EXERCISE DIRECTIONS:
Would you please write out each entry precisely as given?

DATA:
===============

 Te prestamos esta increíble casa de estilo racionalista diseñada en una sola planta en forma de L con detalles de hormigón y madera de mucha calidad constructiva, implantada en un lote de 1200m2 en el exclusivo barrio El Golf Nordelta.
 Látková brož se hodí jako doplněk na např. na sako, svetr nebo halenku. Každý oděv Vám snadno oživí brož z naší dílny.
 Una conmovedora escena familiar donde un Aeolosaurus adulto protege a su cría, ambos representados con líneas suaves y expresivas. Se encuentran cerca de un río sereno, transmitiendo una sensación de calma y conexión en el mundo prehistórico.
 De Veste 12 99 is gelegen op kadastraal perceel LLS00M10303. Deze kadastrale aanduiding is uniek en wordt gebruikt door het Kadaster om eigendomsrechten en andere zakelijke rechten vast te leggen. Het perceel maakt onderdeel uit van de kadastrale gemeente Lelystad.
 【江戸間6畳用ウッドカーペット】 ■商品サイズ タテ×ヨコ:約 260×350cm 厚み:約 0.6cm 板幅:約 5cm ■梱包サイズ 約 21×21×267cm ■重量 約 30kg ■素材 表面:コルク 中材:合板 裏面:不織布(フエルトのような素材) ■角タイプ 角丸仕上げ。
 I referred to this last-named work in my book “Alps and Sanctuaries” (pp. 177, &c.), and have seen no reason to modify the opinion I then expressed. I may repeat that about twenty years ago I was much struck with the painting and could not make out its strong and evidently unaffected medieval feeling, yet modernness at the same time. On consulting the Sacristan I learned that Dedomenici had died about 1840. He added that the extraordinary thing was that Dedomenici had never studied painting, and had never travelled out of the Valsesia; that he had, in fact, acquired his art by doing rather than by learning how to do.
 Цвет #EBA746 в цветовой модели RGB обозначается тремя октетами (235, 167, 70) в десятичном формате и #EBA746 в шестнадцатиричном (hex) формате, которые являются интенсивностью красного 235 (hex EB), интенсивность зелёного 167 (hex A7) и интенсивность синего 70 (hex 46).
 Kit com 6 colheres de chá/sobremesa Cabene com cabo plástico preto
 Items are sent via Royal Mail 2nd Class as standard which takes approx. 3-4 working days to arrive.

===============

FINISHED TASK:
 Te prestamos esta increíble casa de estilo racionalista diseñada en una sola planta en forma de L con detalles de hormigón y madera de mucha calidad constructiva, implantada en un lote de 1200m2 en el exclusivo barrio El Golf Nordelta.
 Látková brož se hodí jako doplněk na např. na sako, svetr nebo halenku. Každý oděv Vám snadno oživí brož z naší dílny.
 Una conmovedora escena familiar donde un Aeolosaurus adulto protege a su cría, ambos representados con líneas suaves y expresivas. Se encuentran cerca de un río sereno, transmitiendo una sensación de calma y conexión en el mundo prehistórico.
 De Veste 12 99 is gelegen op kadastraal perceel LLS00M10303. Deze kadastrale aanduiding is uniek en wordt gebruikt door het Kadaster om eigendomsrechten en andere zakelijke rechten vast te leggen. Het perceel maakt onderdeel uit van de kadastrale gemeente Lelystad.
 【江戸間6畳用ウッドカーペット】 ■商品サイズ タテ×ヨコ:約 260×350cm 厚み:約 0.6cm 板幅:約 5cm ■梱包サイズ 約 21×21×267cm ■重量 約 30kg ■素材 表面:コルク 中材:合板 裏面:不織布(フエルトのような素材) ■角タイプ 角丸仕上げ。
 I referred to this last-named work in my book “Alps and Sanctuaries” (pp. 177, &c.), and have seen no reason to modify the opinion I then expressed. I may repeat that about twenty years ago I was much struck with the painting and could not make out its strong and evidently unaffected medieval feeling, yet modernness at the same time. On consulting the Sacristan I learned that Dedomenici had died about 1840. He added that the extraordinary thing was that Dedomenici had never studied painting, and had never travelled out of the Valsesia; that he had, in fact, acquired his art by doing rather than by learning how to do.
 Цвет #EBA746 в цветовой модели RGB обозначается тремя октетами (235, 167, 70) в десятичном формате и #EBA746 в шестнадцатиричном (hex) формате, которые являются интенсивностью красного 235 (hex EB), интенсивность зелёного 167 (hex A7) и интенсивность синего 70 (hex 46).
 Kit com 6 colheres de chá/sobremesa Cabene com cabo plástico preto
 Items are sent via Royal Mail 2nd Class as standard which takes approx. 3-4 working days to arrive.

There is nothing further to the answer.